Reproduce each line below precisely. Drop the pictures.

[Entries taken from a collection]
------------------------------------------------------------

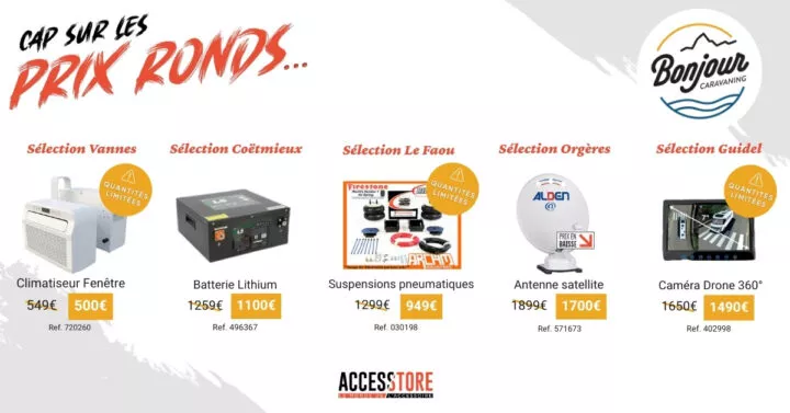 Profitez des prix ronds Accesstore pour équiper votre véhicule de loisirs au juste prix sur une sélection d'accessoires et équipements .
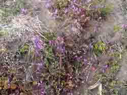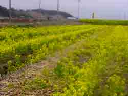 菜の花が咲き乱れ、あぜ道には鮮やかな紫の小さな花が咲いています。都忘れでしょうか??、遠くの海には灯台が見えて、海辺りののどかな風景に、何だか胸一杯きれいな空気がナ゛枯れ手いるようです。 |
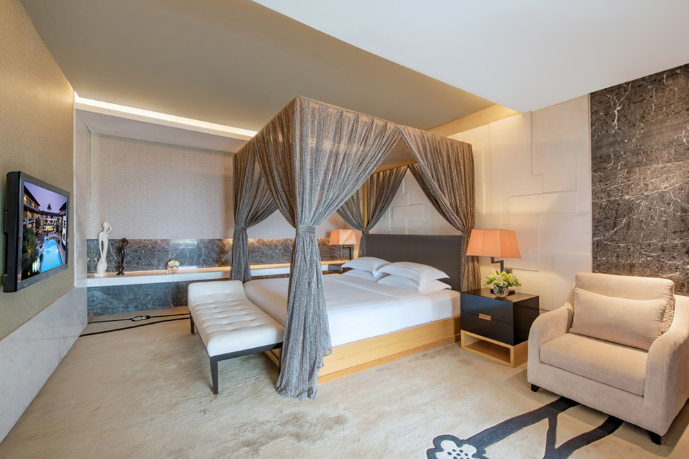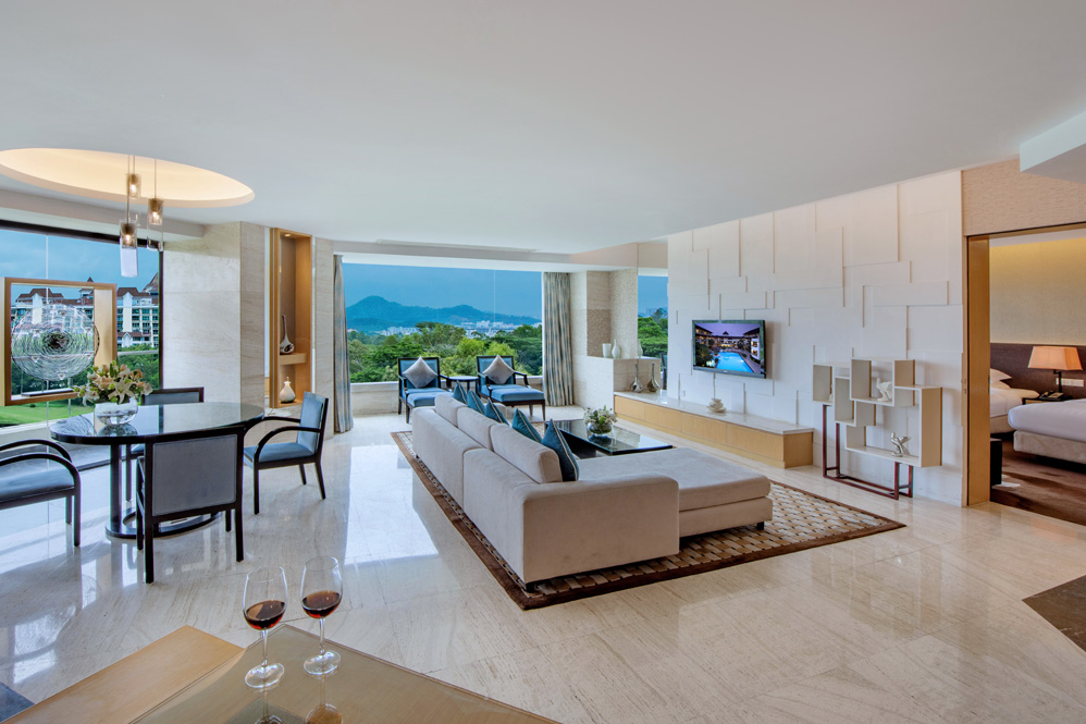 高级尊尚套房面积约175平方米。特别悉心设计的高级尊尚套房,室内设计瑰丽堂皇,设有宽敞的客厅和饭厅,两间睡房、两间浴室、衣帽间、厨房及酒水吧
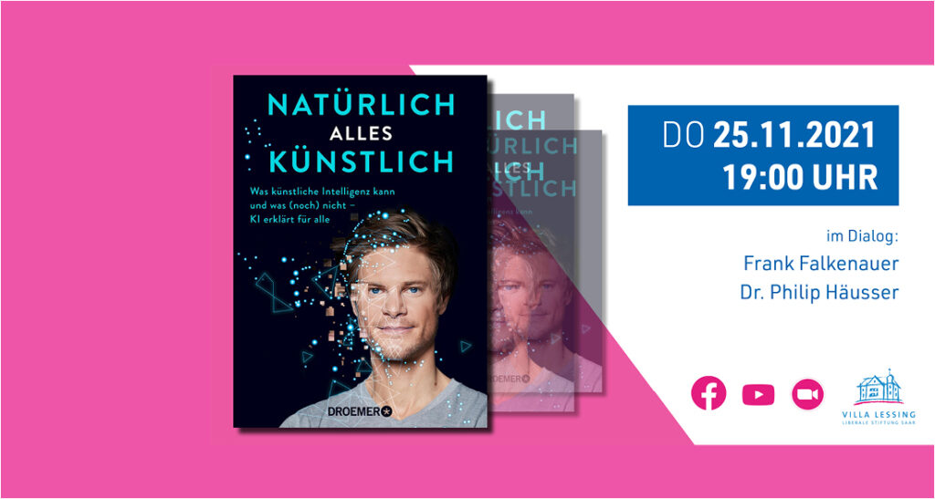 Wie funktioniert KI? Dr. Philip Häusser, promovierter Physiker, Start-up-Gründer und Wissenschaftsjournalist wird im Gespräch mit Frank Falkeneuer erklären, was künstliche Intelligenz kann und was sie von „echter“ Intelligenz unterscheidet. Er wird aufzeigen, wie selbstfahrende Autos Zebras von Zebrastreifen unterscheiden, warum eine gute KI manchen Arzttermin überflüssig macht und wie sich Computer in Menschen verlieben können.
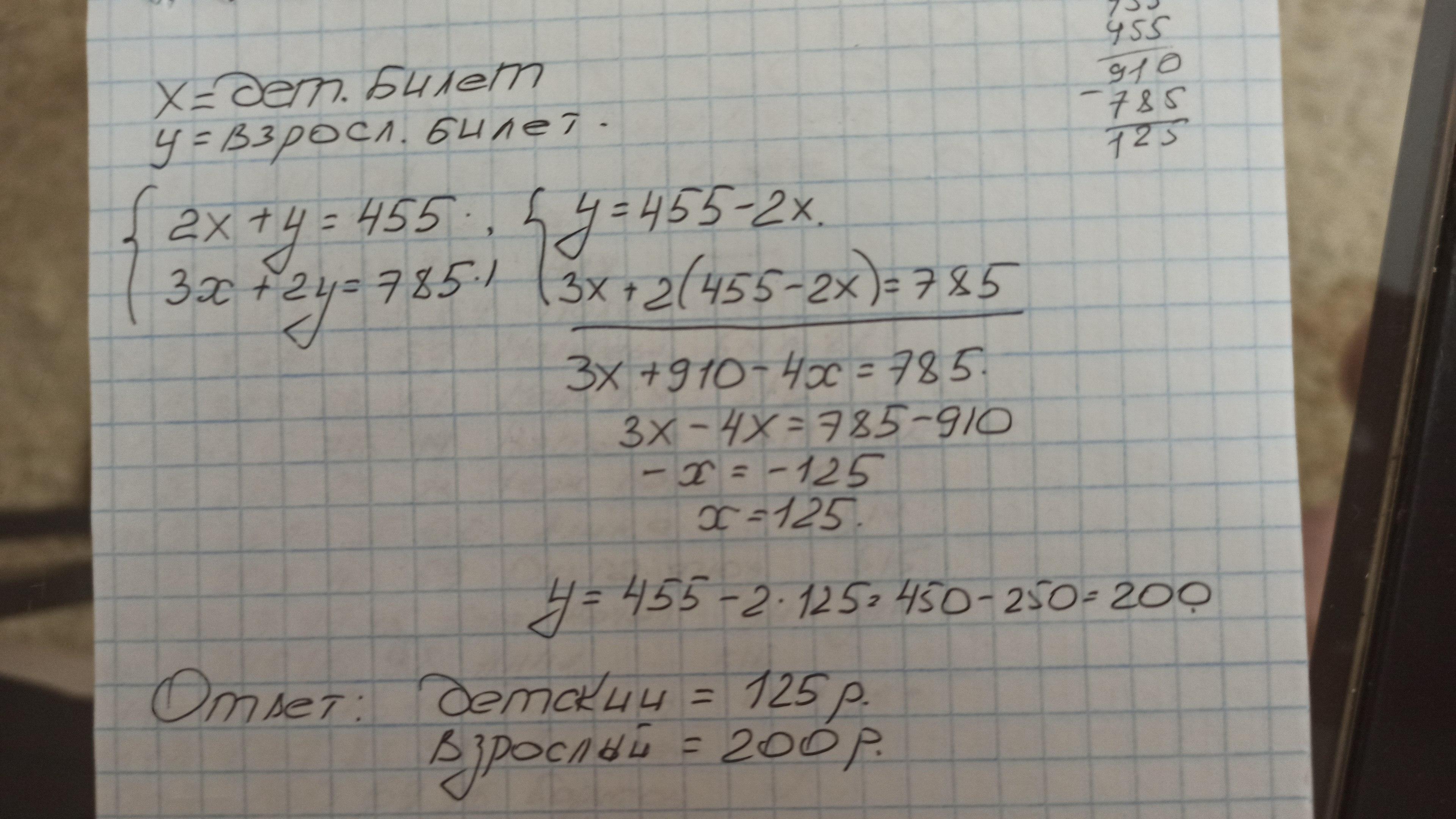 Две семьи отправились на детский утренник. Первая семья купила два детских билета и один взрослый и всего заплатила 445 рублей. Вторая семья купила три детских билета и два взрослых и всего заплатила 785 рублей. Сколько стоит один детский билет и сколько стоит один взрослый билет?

------------------------------------------------------------

Output of the task:
 Profitez des prix ronds Accesstore pour équiper votre véhicule de loisirs au juste prix sur une sélection d'accessoires et équipements .
 菜の花が咲き乱れ、あぜ道には鮮やかな紫の小さな花が咲いています。都忘れでしょうか??、遠くの海には灯台が見えて、海辺りののどかな風景に、何だか胸一杯きれいな空気がナ゛枯れ手いるようです。 |
 高级尊尚套房面积约175平方米。特别悉心设计的高级尊尚套房,室内设计瑰丽堂皇,设有宽敞的客厅和饭厅,两间睡房、两间浴室、衣帽间、厨房及酒水吧
 Wie funktioniert KI? Dr. Philip Häusser, promovierter Physiker, Start-up-Gründer und Wissenschaftsjournalist wird im Gespräch mit Frank Falkeneuer erklären, was künstliche Intelligenz kann und was sie von „echter“ Intelligenz unterscheidet. Er wird aufzeigen, wie selbstfahrende Autos Zebras von Zebrastreifen unterscheiden, warum eine gute KI manchen Arzttermin überflüssig macht und wie sich Computer in Menschen verlieben können.
 Две семьи отправились на детский утренник. Первая семья купила два детских билета и один взрослый и всего заплатила 445 рублей. Вторая семья купила три детских билета и два взрослых и всего заплатила 785 рублей. Сколько стоит один детский билет и сколько стоит один взрослый билет?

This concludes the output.